Here are the records. Write out exactly the lines between the one holding "The Careful Tarot" and the one holding "Plakat - Flat", inclusive.

--- DATA FOR THE TASK Enclosed Below ---

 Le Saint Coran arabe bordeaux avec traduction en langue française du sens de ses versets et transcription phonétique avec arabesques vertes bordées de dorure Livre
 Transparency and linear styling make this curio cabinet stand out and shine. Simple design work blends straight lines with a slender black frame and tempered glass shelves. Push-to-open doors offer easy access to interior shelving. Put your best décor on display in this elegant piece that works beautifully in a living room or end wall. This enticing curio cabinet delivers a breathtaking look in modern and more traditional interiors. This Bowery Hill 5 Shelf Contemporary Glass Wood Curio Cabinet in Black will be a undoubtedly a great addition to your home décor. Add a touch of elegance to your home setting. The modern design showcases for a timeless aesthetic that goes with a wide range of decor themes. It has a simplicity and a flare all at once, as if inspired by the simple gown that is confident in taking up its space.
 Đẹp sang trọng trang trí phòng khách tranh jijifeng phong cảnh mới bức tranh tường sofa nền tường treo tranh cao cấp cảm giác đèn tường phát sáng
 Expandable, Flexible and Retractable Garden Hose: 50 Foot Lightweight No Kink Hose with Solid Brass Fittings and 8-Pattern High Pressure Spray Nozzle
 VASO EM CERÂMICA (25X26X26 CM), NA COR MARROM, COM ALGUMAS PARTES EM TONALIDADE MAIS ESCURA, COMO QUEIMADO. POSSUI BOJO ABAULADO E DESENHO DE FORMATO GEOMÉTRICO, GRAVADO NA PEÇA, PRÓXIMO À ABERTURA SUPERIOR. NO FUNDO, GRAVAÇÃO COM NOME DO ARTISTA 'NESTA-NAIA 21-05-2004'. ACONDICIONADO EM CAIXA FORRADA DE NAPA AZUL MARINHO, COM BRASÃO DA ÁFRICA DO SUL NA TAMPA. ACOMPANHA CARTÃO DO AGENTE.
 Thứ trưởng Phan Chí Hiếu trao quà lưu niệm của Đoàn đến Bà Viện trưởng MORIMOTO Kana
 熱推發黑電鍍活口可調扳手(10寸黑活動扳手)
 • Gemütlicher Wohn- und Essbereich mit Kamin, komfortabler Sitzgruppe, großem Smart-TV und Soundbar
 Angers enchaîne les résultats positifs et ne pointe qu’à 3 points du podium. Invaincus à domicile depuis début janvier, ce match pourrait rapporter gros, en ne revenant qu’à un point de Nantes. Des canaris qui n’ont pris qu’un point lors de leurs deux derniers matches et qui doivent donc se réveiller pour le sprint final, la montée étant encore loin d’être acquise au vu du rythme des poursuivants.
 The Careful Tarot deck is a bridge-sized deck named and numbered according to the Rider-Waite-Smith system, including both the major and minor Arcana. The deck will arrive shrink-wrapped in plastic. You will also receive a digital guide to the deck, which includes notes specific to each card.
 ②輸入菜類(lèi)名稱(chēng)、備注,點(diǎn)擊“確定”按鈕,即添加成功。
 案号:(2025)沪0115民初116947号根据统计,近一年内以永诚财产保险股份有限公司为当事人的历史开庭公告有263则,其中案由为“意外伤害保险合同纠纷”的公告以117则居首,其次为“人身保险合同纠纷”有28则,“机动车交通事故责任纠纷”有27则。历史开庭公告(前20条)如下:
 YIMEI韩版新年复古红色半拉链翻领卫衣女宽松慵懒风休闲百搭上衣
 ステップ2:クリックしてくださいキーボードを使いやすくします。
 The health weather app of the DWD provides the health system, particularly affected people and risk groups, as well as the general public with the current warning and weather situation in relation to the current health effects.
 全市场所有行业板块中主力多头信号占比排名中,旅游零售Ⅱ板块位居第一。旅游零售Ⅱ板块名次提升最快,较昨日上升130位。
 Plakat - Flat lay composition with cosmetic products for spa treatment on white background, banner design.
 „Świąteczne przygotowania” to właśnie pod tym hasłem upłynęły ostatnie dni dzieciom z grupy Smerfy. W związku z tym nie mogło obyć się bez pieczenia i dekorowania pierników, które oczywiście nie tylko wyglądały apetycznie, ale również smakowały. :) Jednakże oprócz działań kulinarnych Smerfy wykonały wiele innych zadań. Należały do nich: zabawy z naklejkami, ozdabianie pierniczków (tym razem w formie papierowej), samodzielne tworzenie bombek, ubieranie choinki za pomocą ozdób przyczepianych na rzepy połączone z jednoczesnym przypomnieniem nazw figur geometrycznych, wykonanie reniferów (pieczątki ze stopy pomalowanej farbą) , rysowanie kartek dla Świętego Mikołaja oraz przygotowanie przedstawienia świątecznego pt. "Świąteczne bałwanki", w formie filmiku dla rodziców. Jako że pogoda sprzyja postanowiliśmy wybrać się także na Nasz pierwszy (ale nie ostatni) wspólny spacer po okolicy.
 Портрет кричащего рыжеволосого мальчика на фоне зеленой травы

--- End of Enclosed DATA FOR THE TASK ---

→ RESULT FOR THIS TASK:
 The Careful Tarot deck is a bridge-sized deck named and numbered according to the Rider-Waite-Smith system, including both the major and minor Arcana. The deck will arrive shrink-wrapped in plastic. You will also receive a digital guide to the deck, which includes notes specific to each card.
 ②輸入菜類(lèi)名稱(chēng)、備注,點(diǎn)擊“確定”按鈕,即添加成功。
 案号:(2025)沪0115民初116947号根据统计,近一年内以永诚财产保险股份有限公司为当事人的历史开庭公告有263则,其中案由为“意外伤害保险合同纠纷”的公告以117则居首,其次为“人身保险合同纠纷”有28则,“机动车交通事故责任纠纷”有27则。历史开庭公告(前20条)如下:
 YIMEI韩版新年复古红色半拉链翻领卫衣女宽松慵懒风休闲百搭上衣
 ステップ2:クリックしてくださいキーボードを使いやすくします。
 The health weather app of the DWD provides the health system, particularly affected people and risk groups, as well as the general public with the current warning and weather situation in relation to the current health effects.
 全市场所有行业板块中主力多头信号占比排名中,旅游零售Ⅱ板块位居第一。旅游零售Ⅱ板块名次提升最快,较昨日上升130位。
 Plakat - Flat lay composition with cosmetic products for spa treatment on white background, banner design.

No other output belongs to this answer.